Iron metal beds, upon which We sleep, concrete floors, inmates pace and creep. Metal ceilings, tables, benches and stools; deputies insult intelligence & condescend as if We are fools.

There is no distinction between innocent or guilt; upon corruption and oppression, this genocidal system is built. Inmates and deputies, to each other they cuss; fights, arguments, unjust treatment and fuss.

A paradigm most imperialistic and strange. This place is enough to make someone deranged. It's cold in treatment and temperament alike. Lights on at all times, robs melanin battery at night…

THERE IS NO SUMMER IN JAIL!

SERMON: “When I Was in Prison, You Came to Me”

I’ve wanted to tell you about a friend of mine. I’ll call him Tom. Tom, who is two years older than I, has been an important part of my ministry here in Montclair for quite some time. He’s important to me; he keeps me real in many ways. And because any ministry that I do here is on your behalf, Tom is an important part of our shared ministry, so I thought you should know about him.

I first met Tom, probably six years ago, on the sidewalk out in front of the church. At about 6’3” with a gregarious smile and all the charm of a very well seasoned street hustler, he was an imposing figure, one to take note of. We started a conversation that has continued from that day to this. Many of the sessions of our conversation often end up with, “Hey Rev, can you spare me a few dollars?” which I’m usually able to oblige. It’s the content of the conversations though, and the evolving quality of our relationship that mean so much to me.
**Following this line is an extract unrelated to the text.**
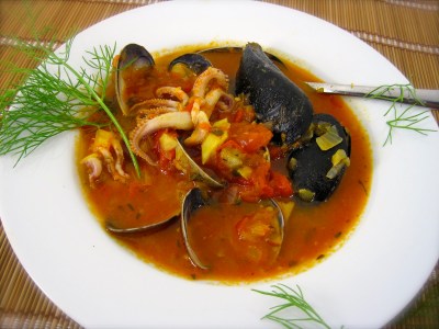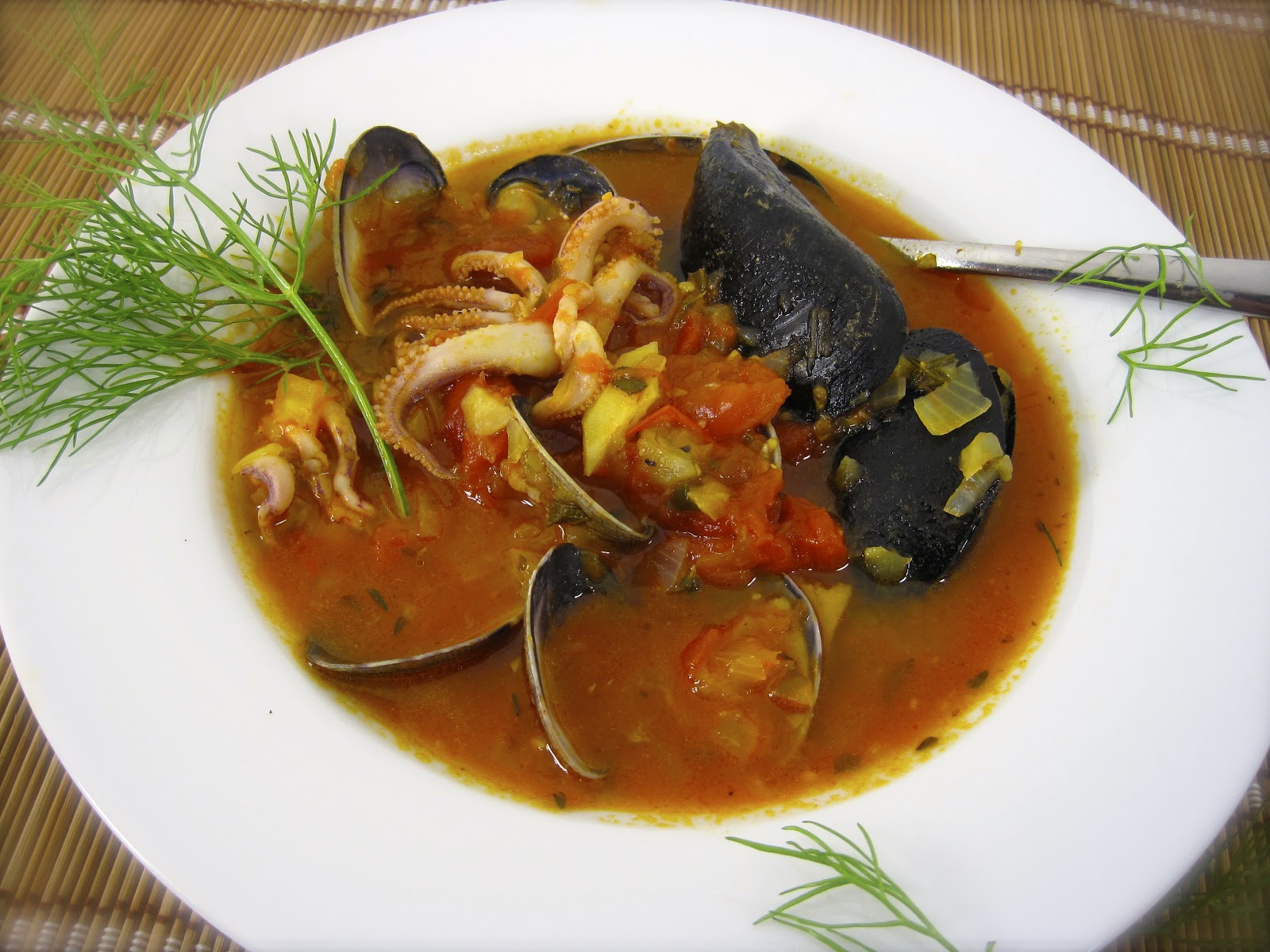 This past weekend, my husband and I had the pleasure of cooking dinner for some dear friends of ours. As is my custom, I ended up buying far too much shellfish for the seafood pasta main dish. Thankfully I was able to use the leftover seafood to make a delicious and easy Cioppino for Monday night’s dinner. The seafood was originally cooked in white wine, tomatoes, garlic onion and a little lemon juice, so the flavors and the leftover broth easily blended into the soup.

Tom has entrusted the story of his life to me. As a child in the Newark projects, he ate way too many paint chips that were poisoned with lead. That left him with a kind of brain dysfunction that made learning to read an impossibility. He dropped out of middle school because he couldn’t stand the embarrassment he felt over his illiteracy, a feeling that continues to haunt and even terrorize him, still.

That doesn’t mean he’s not bright – he is. His physical size, his strength and prowess, his uncanny street smarts and his compensation systems that have masked his illiteracy quickly made him a force to be reckoned with on the streets of Newark . He was a hustler of hustlers who made his way the only way he knew how – by taking or being taken. And he wasn’t taken very often. But his body, from head to toe, is filled with scars that he’s shown me, mementos of street and jail brawls he’s had with both thugs and police.

Robbing people on the street led to burglaries of homes and businesses. And that led to a coast-to-coast drug and stolen goods operation. He was in and out of jail regularly. He told me that being in jail always made him stronger because all there was to do there, besides trying to stay alive, was to lift weights. He calls himself a warrior and the guys that worked for him on the street he called soldiers. Finally, he killed a guy in a fight and ended up on death row. He spent a couple of years there until his case was overturned and thrown out on a technicality. In his mind, the guy he killed had it coming for having perpetrated some grave injustice against Tom.

It was shortly after he got out that Tom and I met. He was living as a stowaway with an indigent woman in another project nearby. His entry and exit to the building had to be between 11 p.m. and 6 a.m. If he was going to go out for the day, he had to go out very early in the morning and couldn’t return until quite late at night. Otherwise the woman he stayed with might be put out on the street, as well as himself. And so most days he was imprisoned there in that apartment. Since that first meeting, his health has continued to deteriorate, and his once outstanding physic has waned to not much more than a lanky skeleton.

One of the defining moments in our relationship (and I think there have been two) came late one afternoon about three years ago. We were in my office talking, and Tom told me for the first time that he couldn’t read. This may not seem like a big deal to you. But believe me, it was to him. He had never told another person outside of his family. The emotion that came along with the confession took him by surprise and he began sobbing. He’d never cried in front of another man either. He had now doubly exposed himself. It was a very new experience for him and somehow very important. He’s reminded me of this experience several times since, reminding me that I not only had his trust but that I had his appreciation and his promise that, if I ever needed him anywhere or any time for anything, he would be there to do what needed to be done – whatever it might be. There’s no question in my mind that should I ever make such a call, he would be there to make good on his promise.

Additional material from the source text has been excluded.